Amicus Briefs In Support of Petitioner In Trinity Lutheran Case Are Now Available

Next term, the U.S. Supreme Court will hear oral arguments in Trinity Lutheran Church of Columbia, Inc. v. Pauley challenging Missouri's exclusion under its "no aid" clause of churches from its secular grant program for playground improvements. (See prior posting.) The deadline for amicus briefs in support of petitioner has now passed, and 25 briefs in support of Trinity Lutheran Church have been filed, along with one amicus brief in support of neither side.

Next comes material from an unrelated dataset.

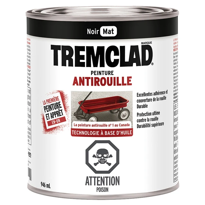 La peinture antirouille Tremclad(MD) à base d’huile offre une protection supérieure contre la rouille et est spécialement formulée pour pénétrer la rouille et adhérer au métal. Pour surfaces métalliques neuves ou rouillées. Ce produit peut être appliqué directement sur le métal et un apprêt n’est pas requis pour la plupart des applications. Peinture de couleur noire. Fini mat. 946 ml La peinture antirouille Tremclad offre une inhibition supérieure de la rouille et est spécialement formulée pour pénétrer la rouille et se lier au métalExcellente couverture de la rouille, s’applique directement sur le métal et l’apprêt n’est pas nécessaire pour la plupart des applications
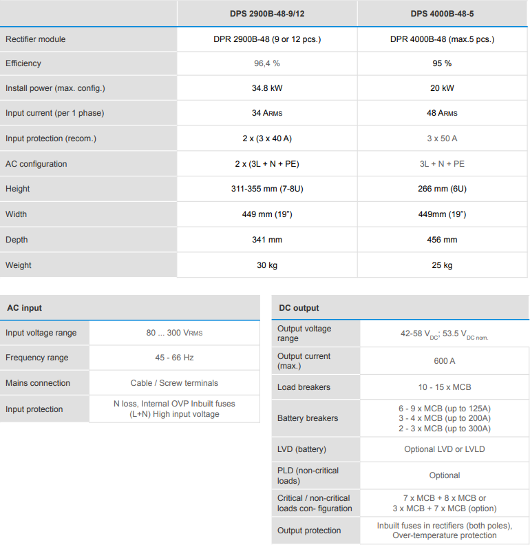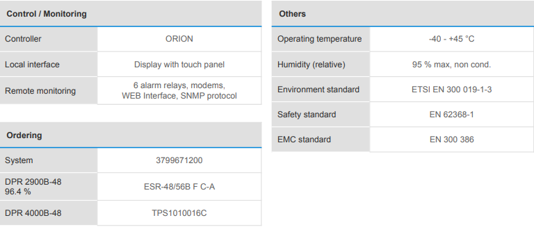 The system includes high efficiency rectifiers, AC and DC connections, battery connection and Delta ORION controller. In addition to advanced supervision, short depth and easy installation are the success factors of the system.

Links to all of the amicus briefs are available from the SCOTUSblog case page for the case.  Respondent's brief is not due until June 28, with amicus briefs supporting respondent due a week after that.

Monday, April 25, 2016

Student Sues After Suspension From M.S. Program Over Refusal To Counsel Gay Couples

A suit was filed last week in federal district court in Missouri by a former student in the Masters in Counseling program at Missouri State University alleging that he was removed from the program because of his religious views on counseling same-sex couples on their relationships.  The complaint (full text) in Cash v. Governors of Missouri State University, (WD MO, filed 4/19/2016), alleges in part:
Plaintiff’s experience at MSU has been devastating, crushing, and tormenting, culminating in his termination from the program -- all because he interned with a Christian organization and expressed his religious beliefs on a hypothetical question about counseling a gay couple on relationship issues.
... Plaintiff was targeted and punished for expressing his Christian worldview ... regarding a hypothetical situation.... Since he did not give the “correct” answer required by his counseling instructors, he was considered unsuitable for counseling and terminated from the program.
Thomas More Society announced the filing of the lawsuit. AP reports on the case.

Saturday, April 09, 2016

Break-Away Presbyterian Church Settles Suit By Paying $1.1M For Its Building

According to yesterday's St. Louis Post Dispatch, a break-away Presbyterian congregation in Chesterfield, Missouri has settled a lawsuit against it by the Giddings-Lovejoy Presbytery.  When Bonhomme Presbyterian Church broke away from the Presbyterian Church (USA) to join the more conservative Covenant Order of Evangelical Presbyterians, the Presbytery sued claiming that the congregation's property belongs to the Presbytery.  In the settlement, Bonhomme paid the Presbytery $1.1 million for the church building and property.